In modern times, steganography means digital manipulation of files to hide messages. However, the concept of hiding messages is not new. As with cryptography, many methods have been used throughout history:

• The ancient Chinese wrapped notes in wax and swallowed them for transport. This was a crude but effective method of hiding messages.

• In ancient Greece, a messenger’s head might be shaved, a message written on his head, and then his hair was allowed to grow back. Obviously, this method required some time to be available.

• In 1518, Johannes Trithemius wrote a book on cryptography and described a technique where a message was hidden by having each letter taken as a word from a specific column.

• During WWII, the French Resistance sent messages written on the backs of couriers using invisible ink.

• Microdots are images/undeveloped film the size of a typewriter period embedded in innocuous documents. Spies supposedly used these during the Cold War.

• Also during the Cold War, the U.S. Central intelligence Agency used various devices to hide messages. For example, they developed a tobacco pipe that had a small space to hide microfilm, but could still be smoked.

Methods and Tools

Steganophony is a term for hiding messages in sound files. This can be done with the LSB method or other methods, such as echo hiding. This method adds extra sound to an echo inside an audio file, and the extra sound conceals information.

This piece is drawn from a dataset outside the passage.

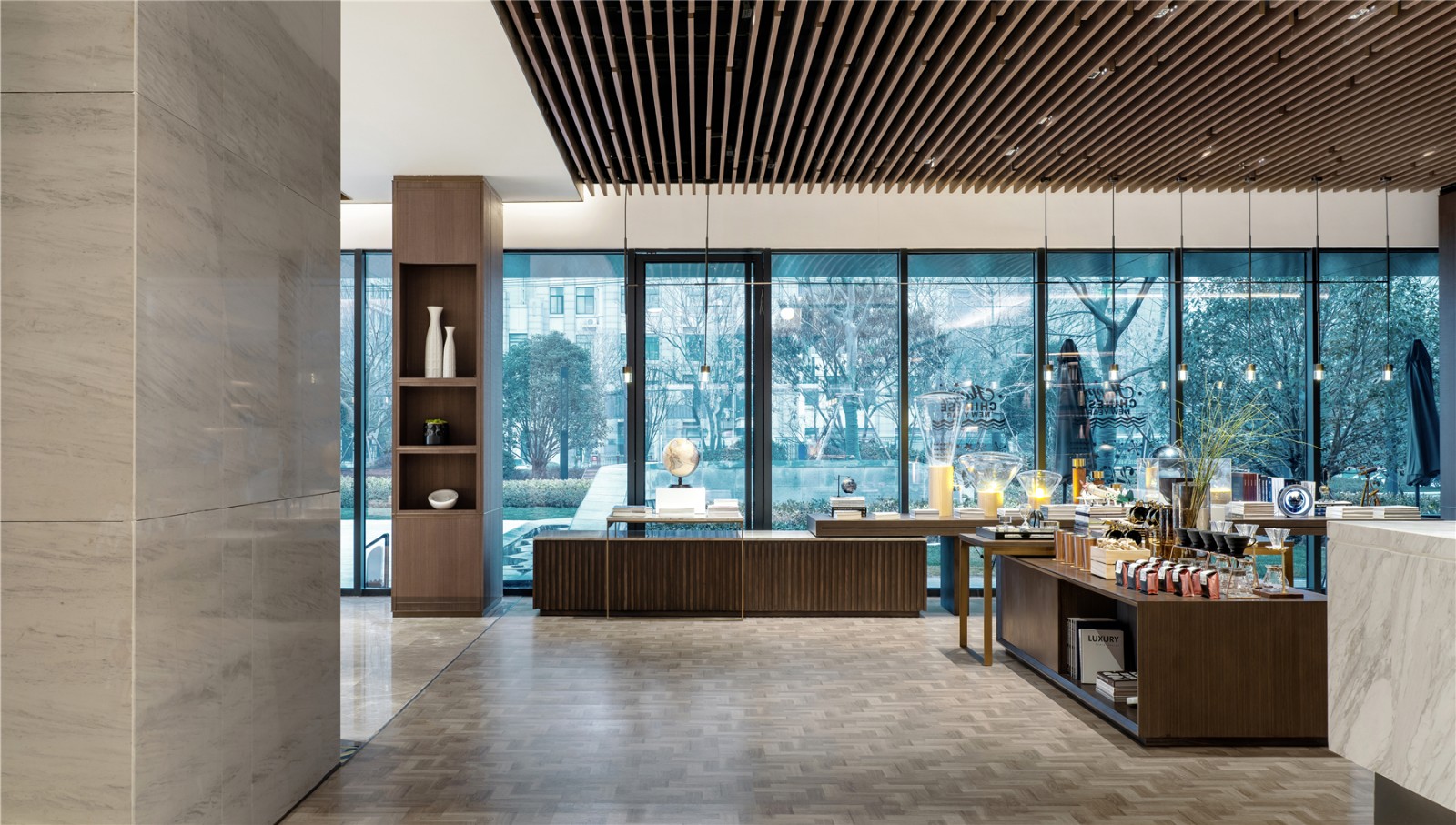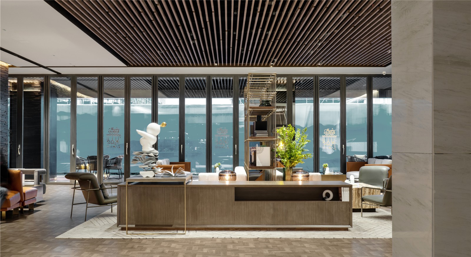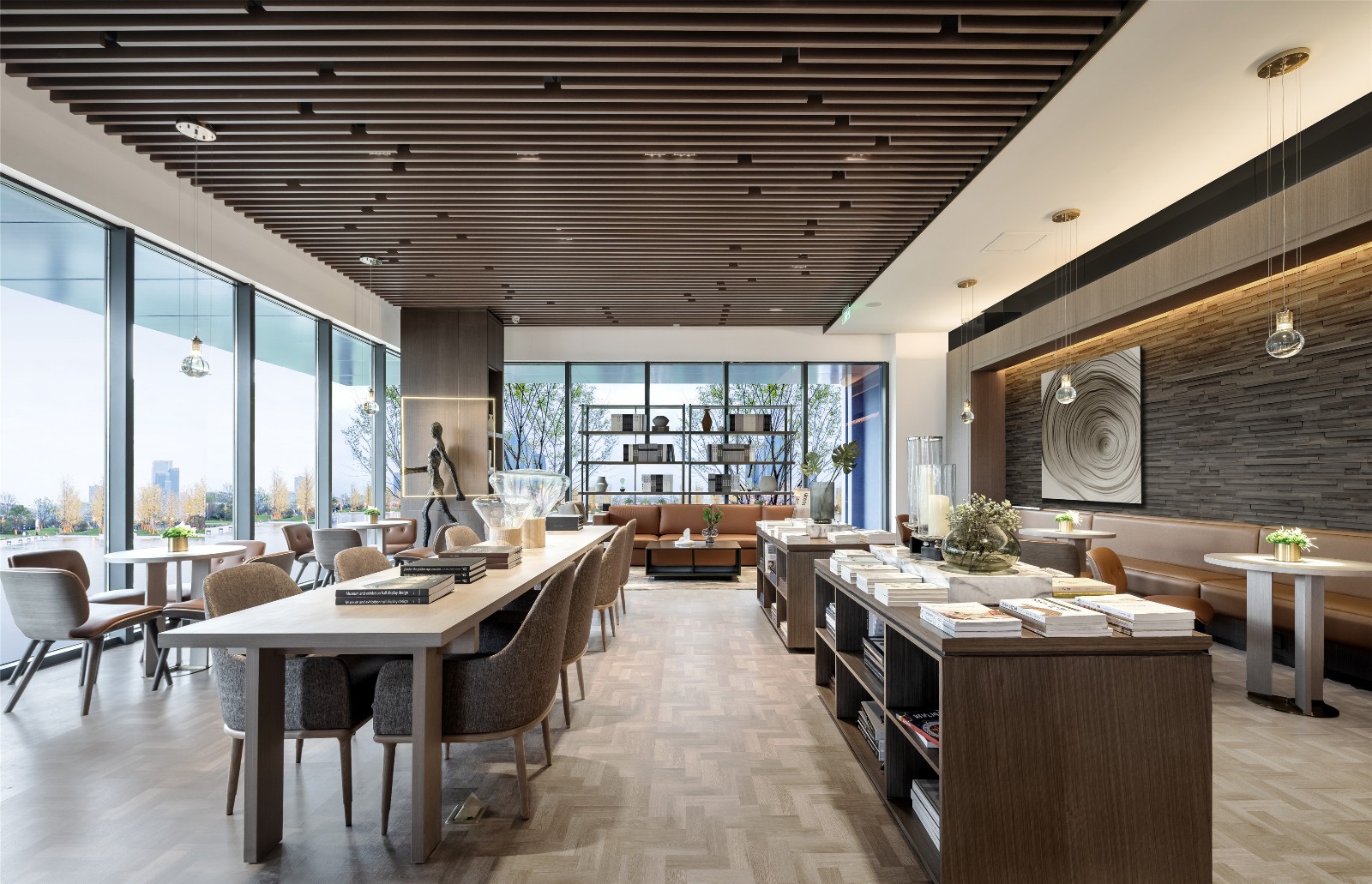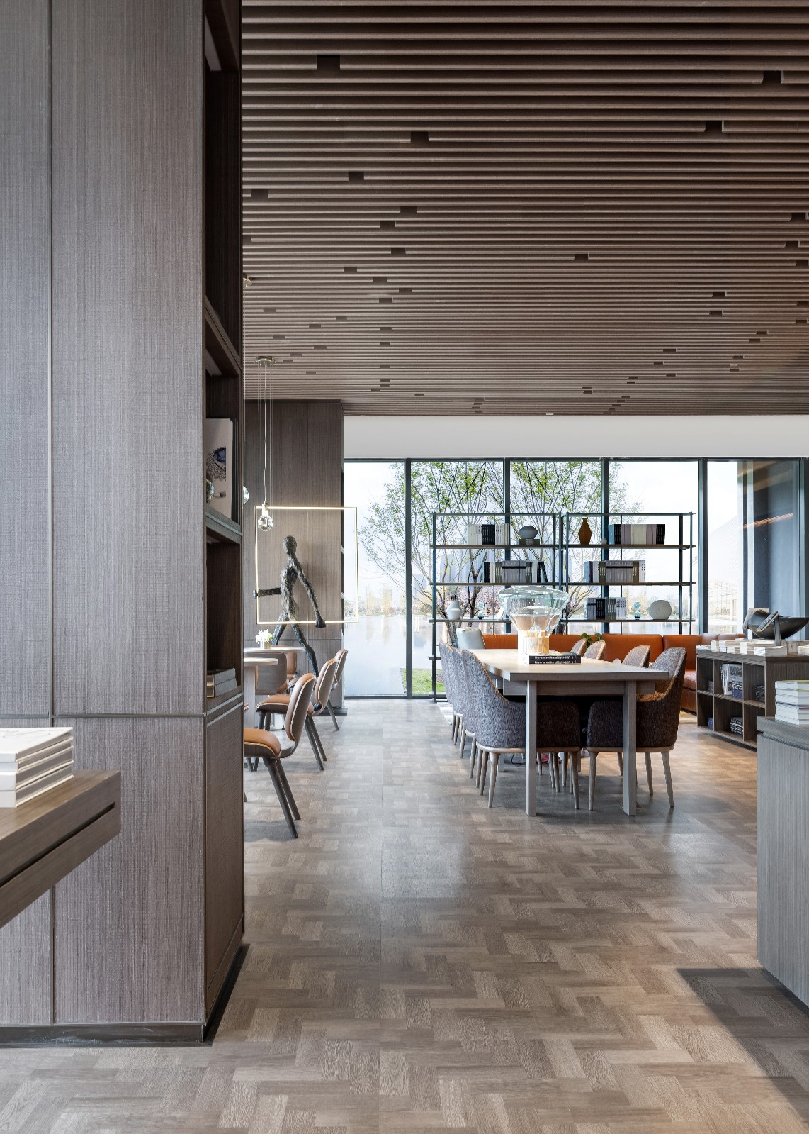 设计师引入书吧的概念,用极具场景体验性的表现形式,模糊售楼功能与文化场所的边界。接待前厅以木饰面与石材组合穿插,线条简约的艺术装置,给人温馨而宁静的感觉。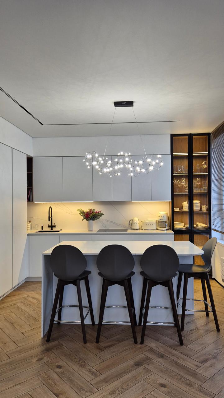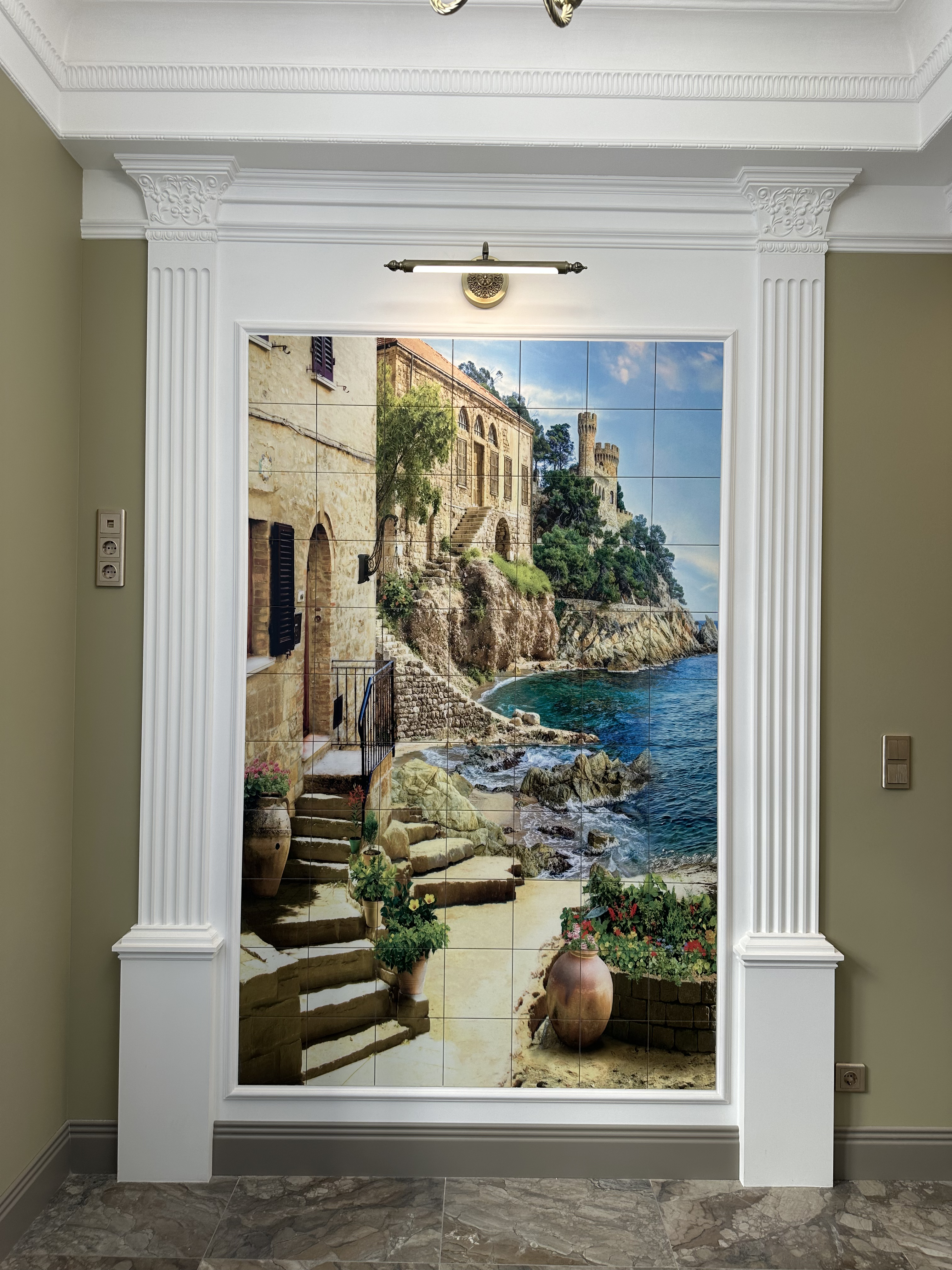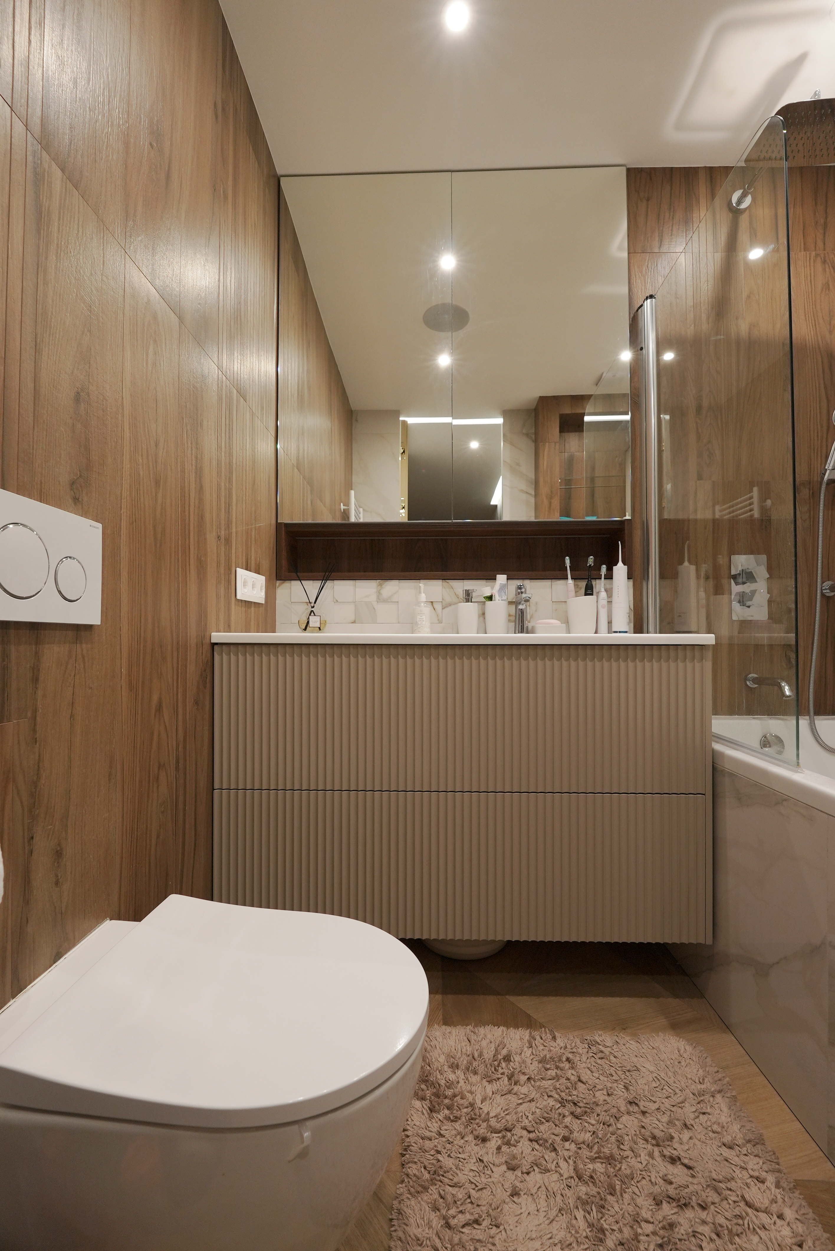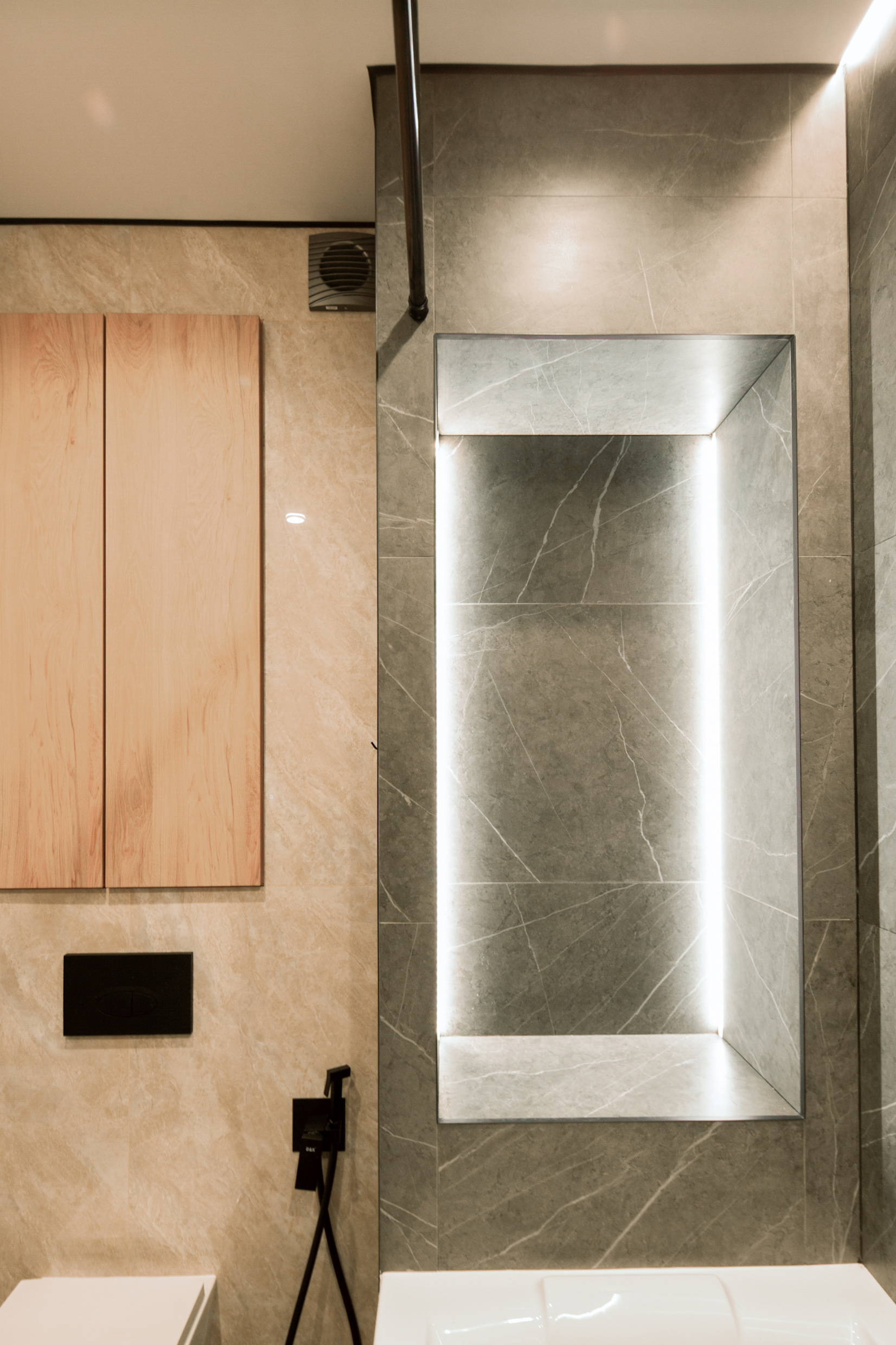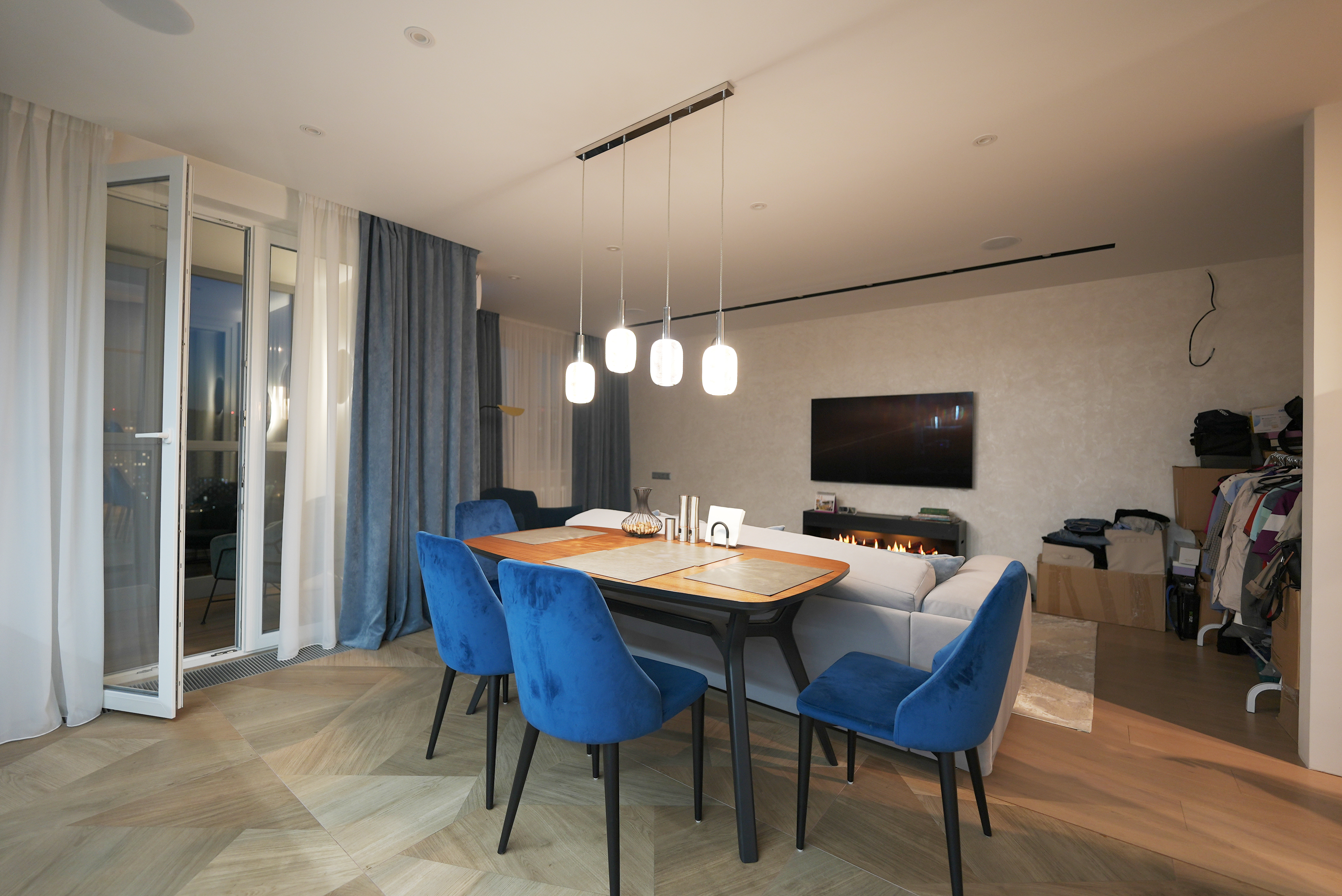 - Чистовая отделка: укладка керамогранита на пол и стены, шпаклевка стен и потолка под окраску, заливка наливного пола, укладка инженерной доски, окраска стен и потолка, установка розеток, выключателей и светильников.

Information can also be hidden in video files. There are various methods to accomplish this. Discrete cosine transform is often used for video steganography. This method alters values of certain parts of the individual frames. The usual method is to round up the values.

A number of tools are available for implementing steganography. Many are free or at least have a free trial version. A few of these tools are listed here. Two are discussed in detail in the sections that follow.

• QuickStego Very easy to use, but very limited.

• Invisible Secrets Much more robust, with both a free and commercial version.

• MP3Stego Specifically for hiding payload in MP3 files.

• Stealth Files 4 This works with sound files, video files, and image files.

• Snow Hides data in whitespace.

• StegVideo Hides data in a video sequence.

Invisible Secrets

Invisible Secrets is a popular tool for steganography. It is important that a forensic examiner be familiar with the more widely known forensic tools and be able to utilize them. You can download Invisible Secrets from www.invisiblesecrets.com/download.html. Let’s walk through the process of hiding a message using this tool. First, select an image—anything you like. I am going to use an image of the cover of this book. Then take a text editor, such as Notepad, and put some text in it. Now we will hide that message in the image file.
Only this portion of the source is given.